[How to complete this task]: Quote word for word from the line holding "Berisi Keputusan Dirjen, Petujuk" to the last line below, including both, and omit any pictures.

*** Opening Study material ***

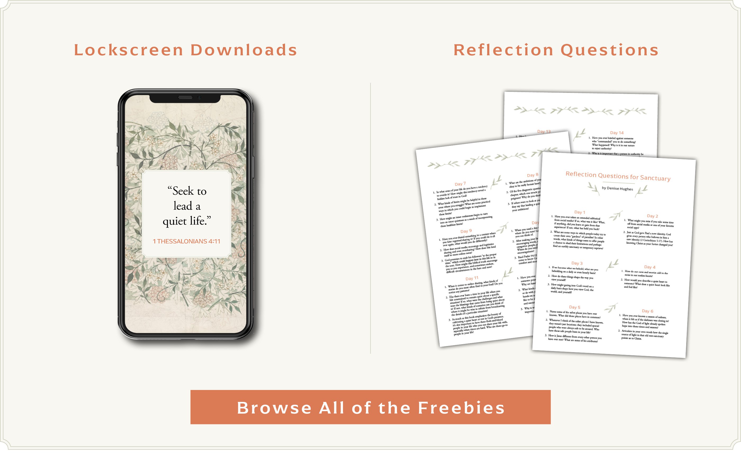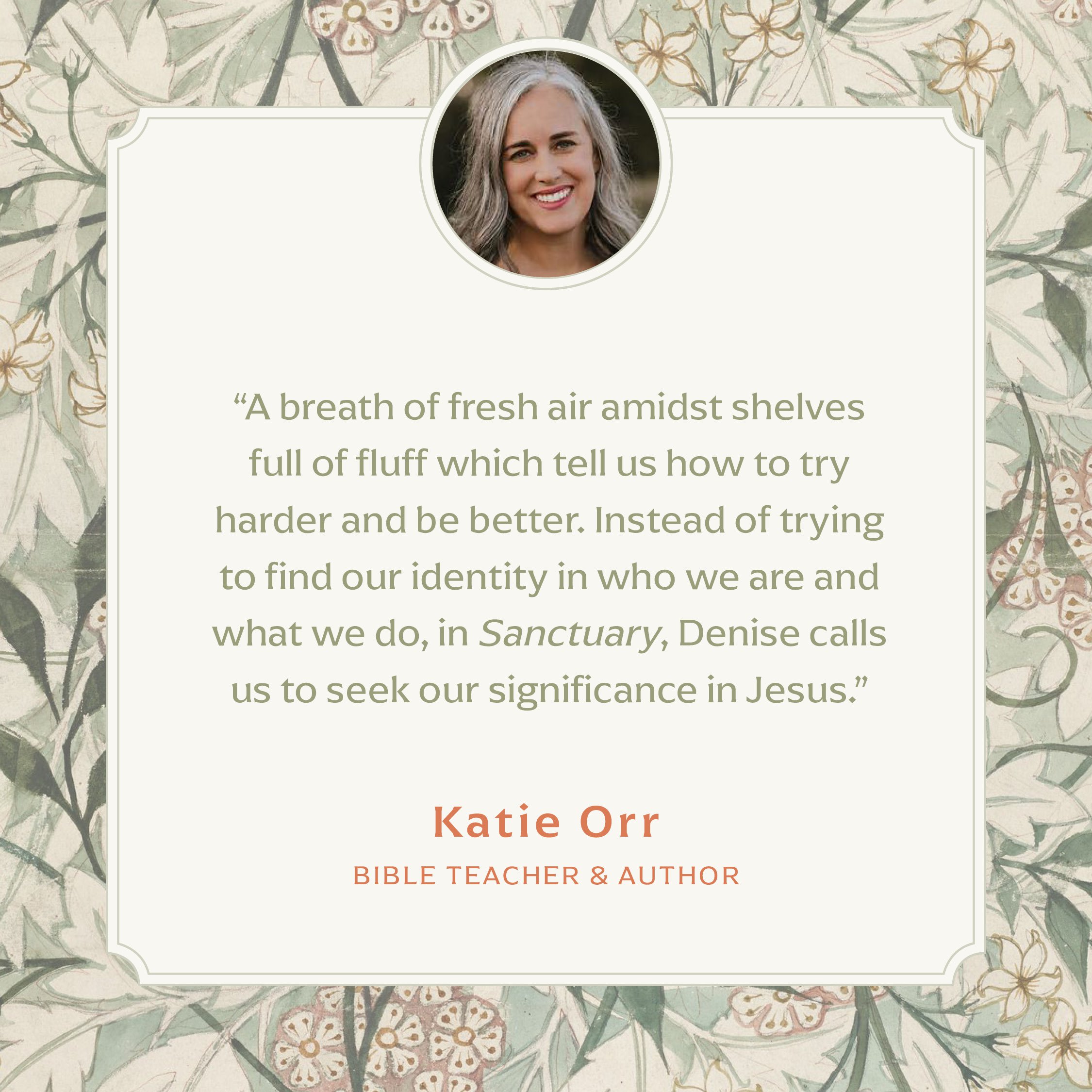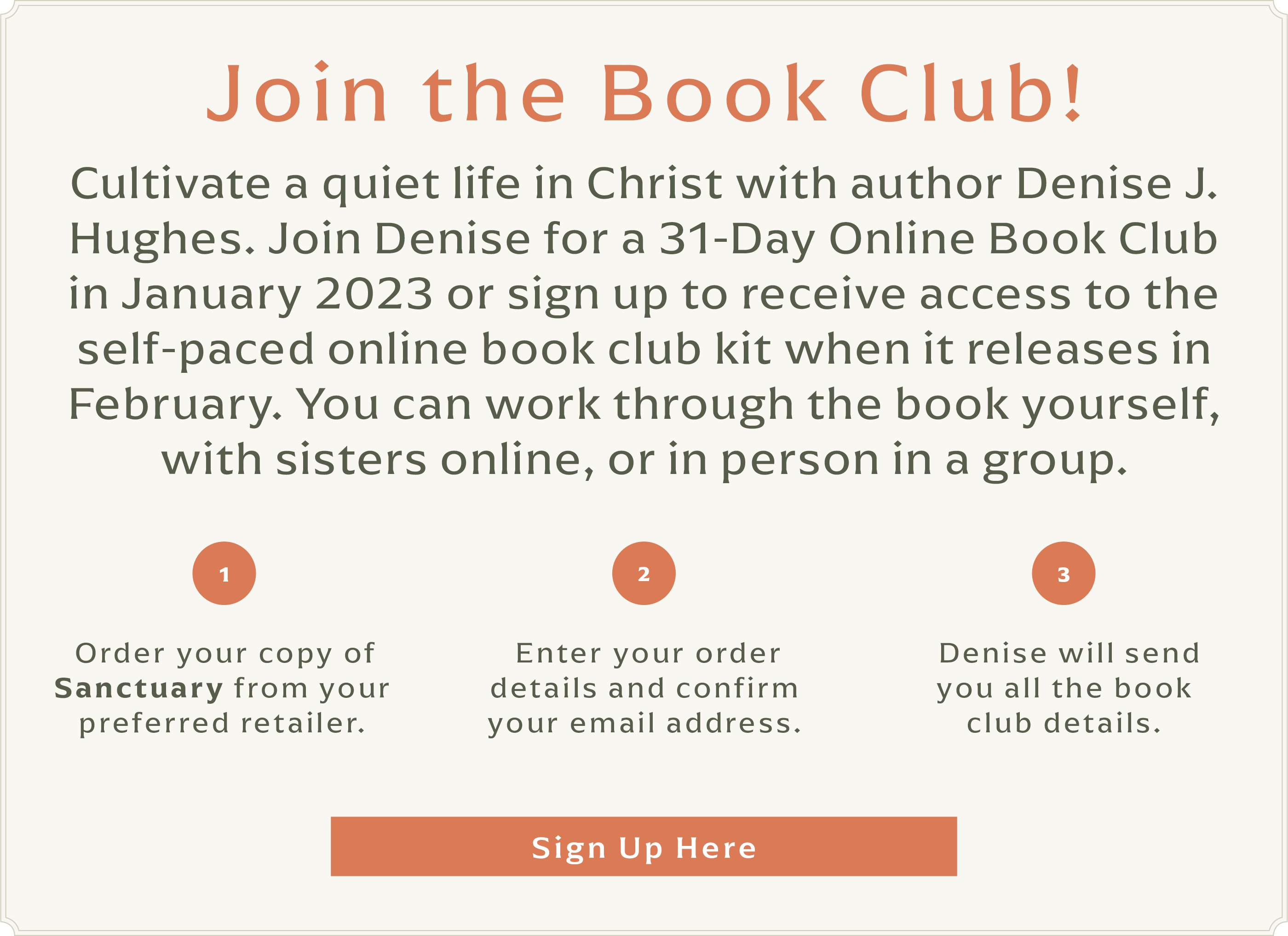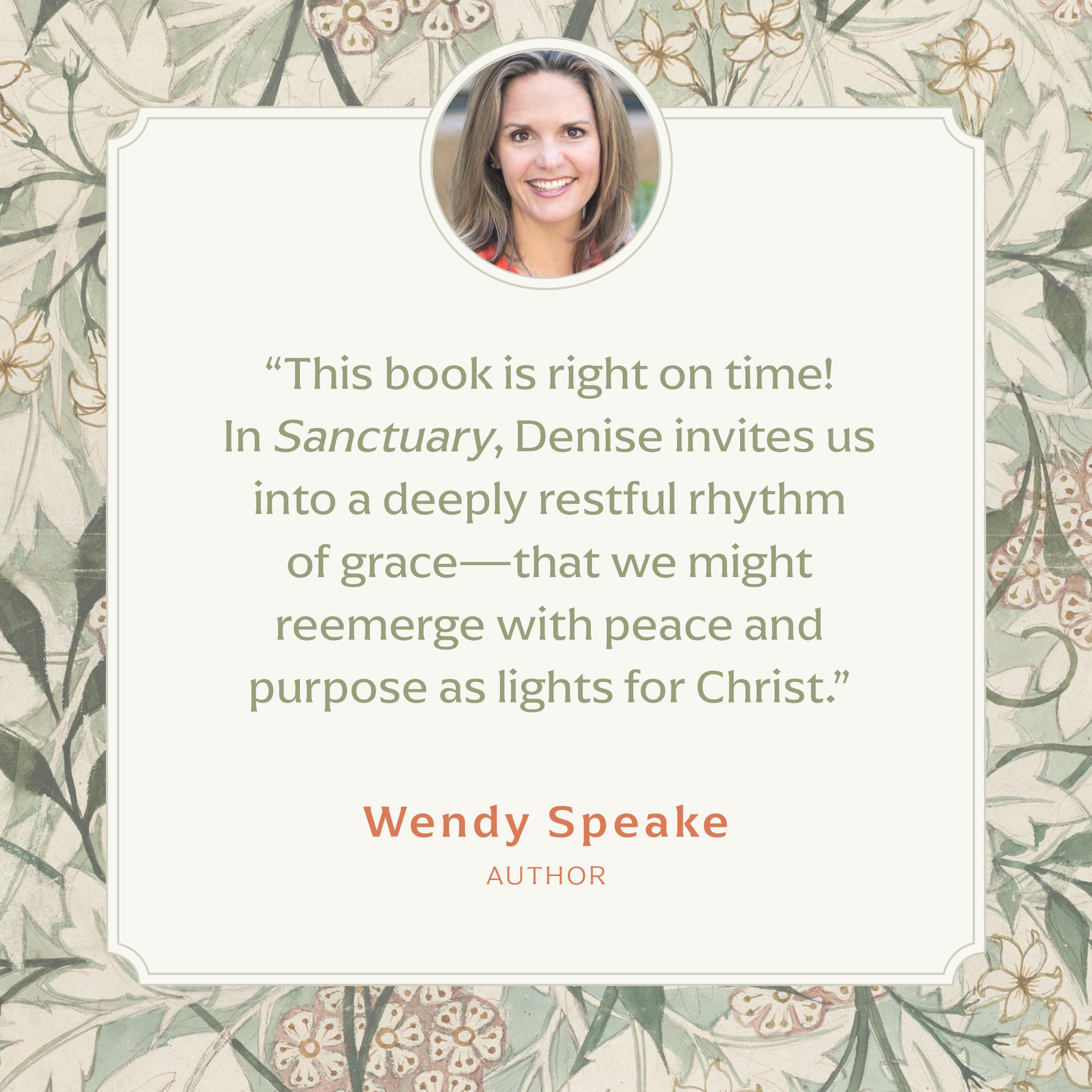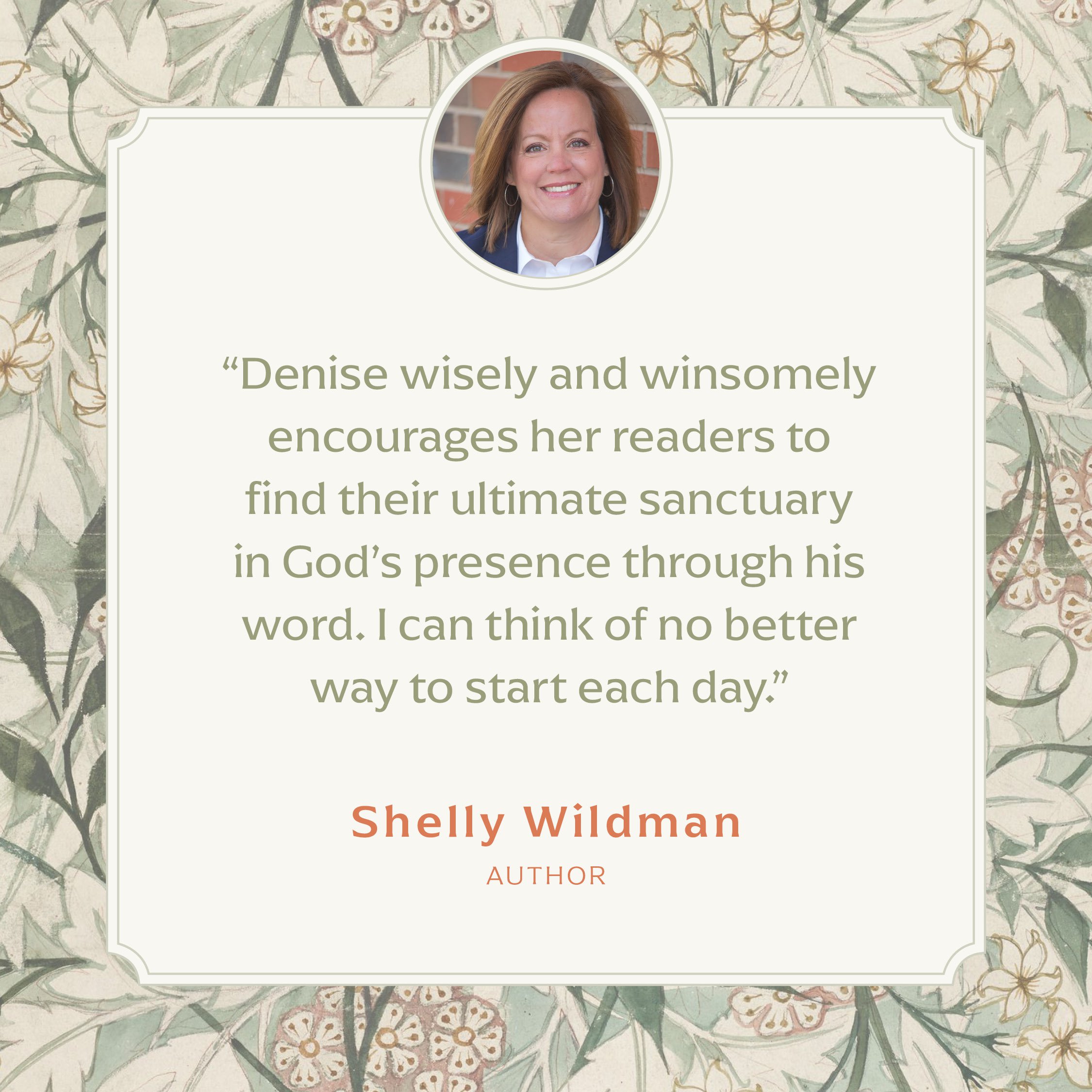 In this warm and engaging 31-day devotional, author Denise J. Hughes encourages her readers to find their sanctuary in Christ. The modern world pulls us in so many directions, and the noise of our culture can overwhelm our minds and hearts. Denise addresses many of the common pressures we face, including social media, comparison, and busyness, and directs us to look to Christ to find peace and joy in the midst of it all. Each day’s devotion includes a biblical reflection, practical ideas for cultivating a quiet heart, questions for contemplation, and a prayer.
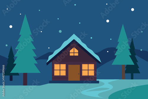 Naklejka premium anime-cabin-in-the-woods-during-snowfall
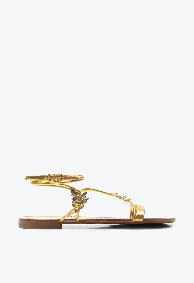 Rasteira Flat Belluno Borboletas Apliques Metalcolor Dourado
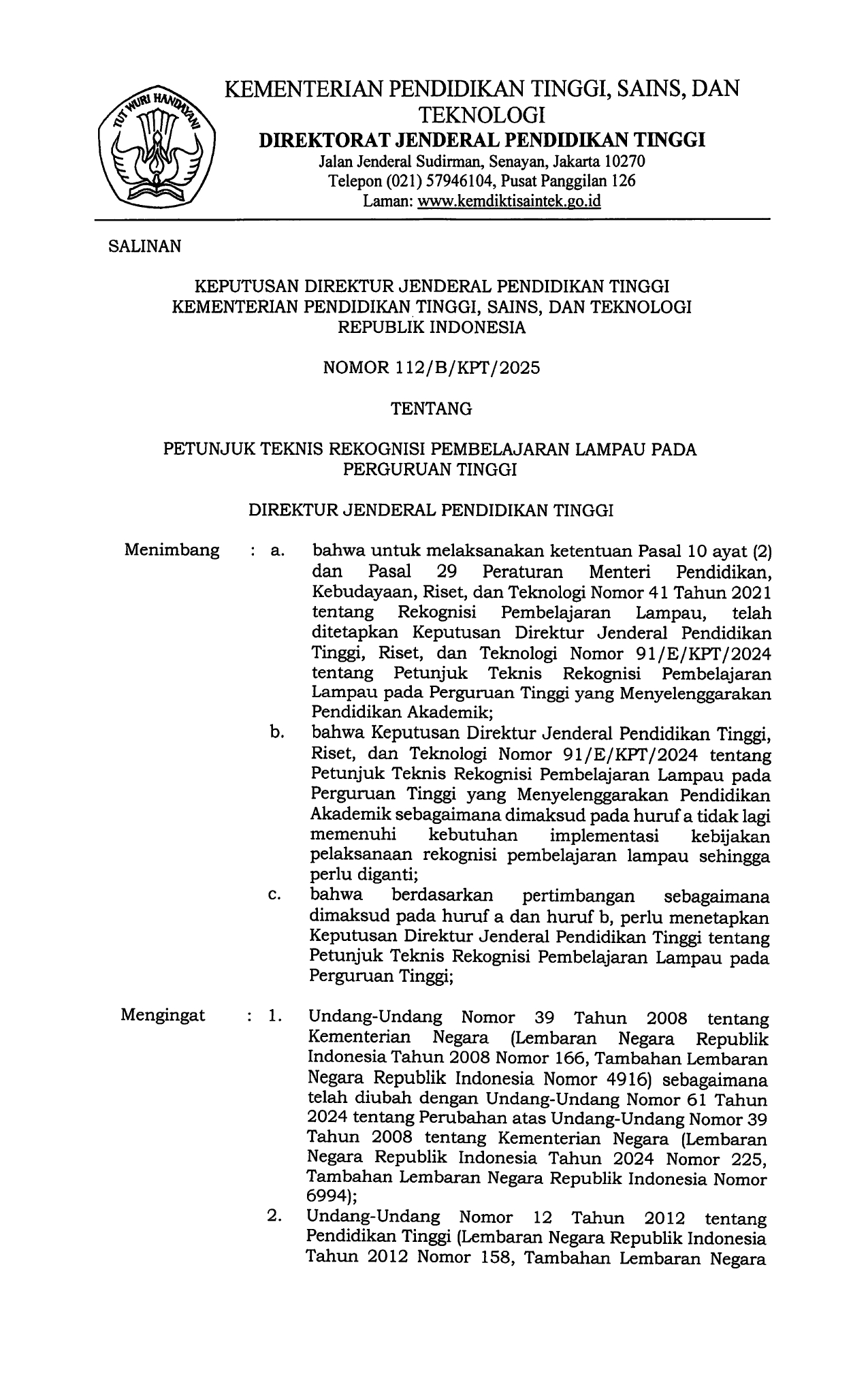 Berisi Keputusan Dirjen, Petujuk Teknis dan Pedoman Pelaksanaan Rekognisi Pembelajaran Lampau (RPL)
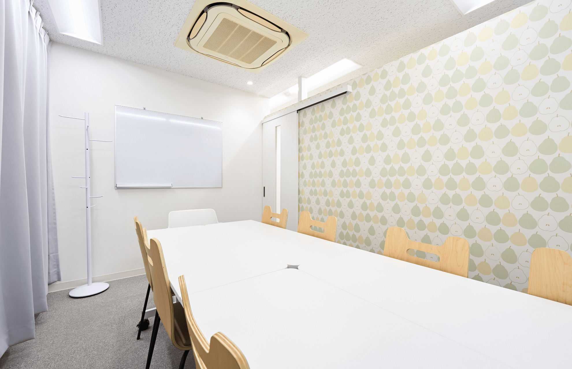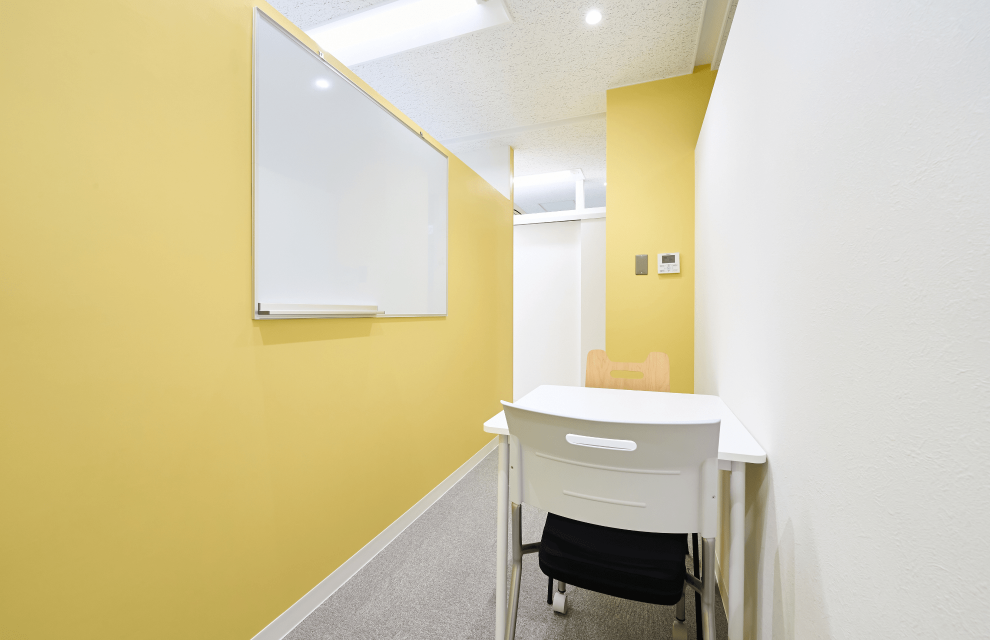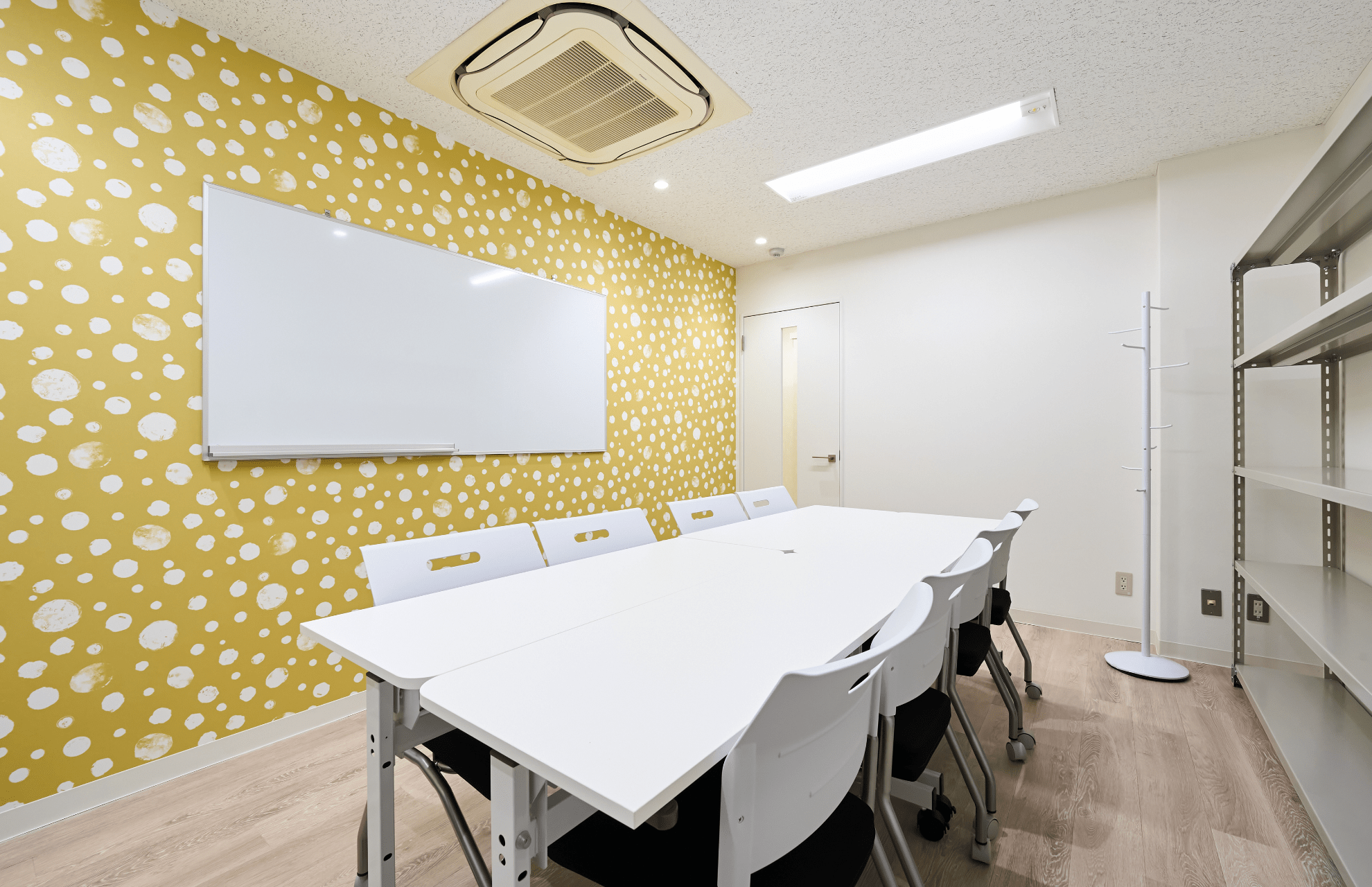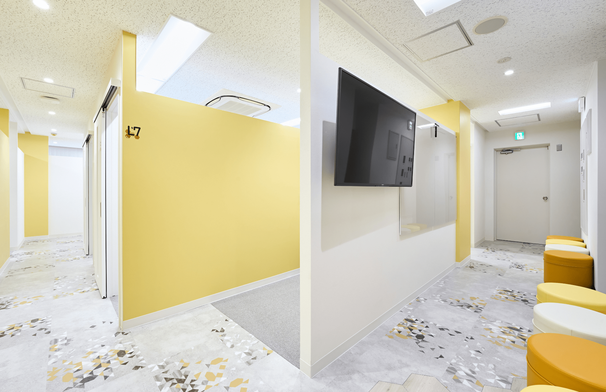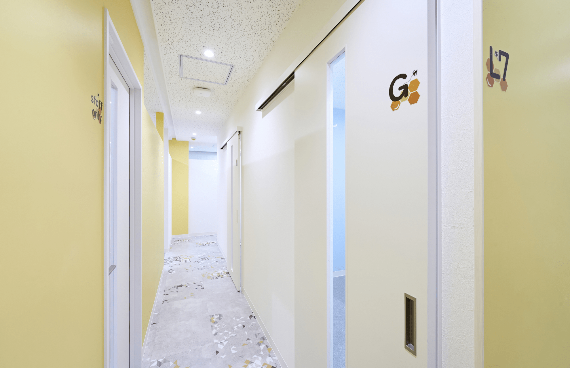 イエロー&ホワイトのメリハリあるカラーリングと、ハチミツを連想させるヘキサゴンモチーフが印象的な空間に仕上がっています。各教室には異なるパステルカラーの壁紙を採用し、生徒の皆さんが入るたびにワクワクする空間になっています。床には5階で使用しているテラゾー柄の雰囲気を取り入れ、アクセントとしてイエローをプラス。フロア全体で統一感と温かみを感じられるデザインとしました。

*** Closing Study material ***

[Exercise response]:
 Berisi Keputusan Dirjen, Petujuk Teknis dan Pedoman Pelaksanaan Rekognisi Pembelajaran Lampau (RPL)
 イエロー&ホワイトのメリハリあるカラーリングと、ハチミツを連想させるヘキサゴンモチーフが印象的な空間に仕上がっています。各教室には異なるパステルカラーの壁紙を採用し、生徒の皆さんが入るたびにワクワクする空間になっています。床には5階で使用しているテラゾー柄の雰囲気を取り入れ、アクセントとしてイエローをプラス。フロア全体で統一感と温かみを感じられるデザインとしました。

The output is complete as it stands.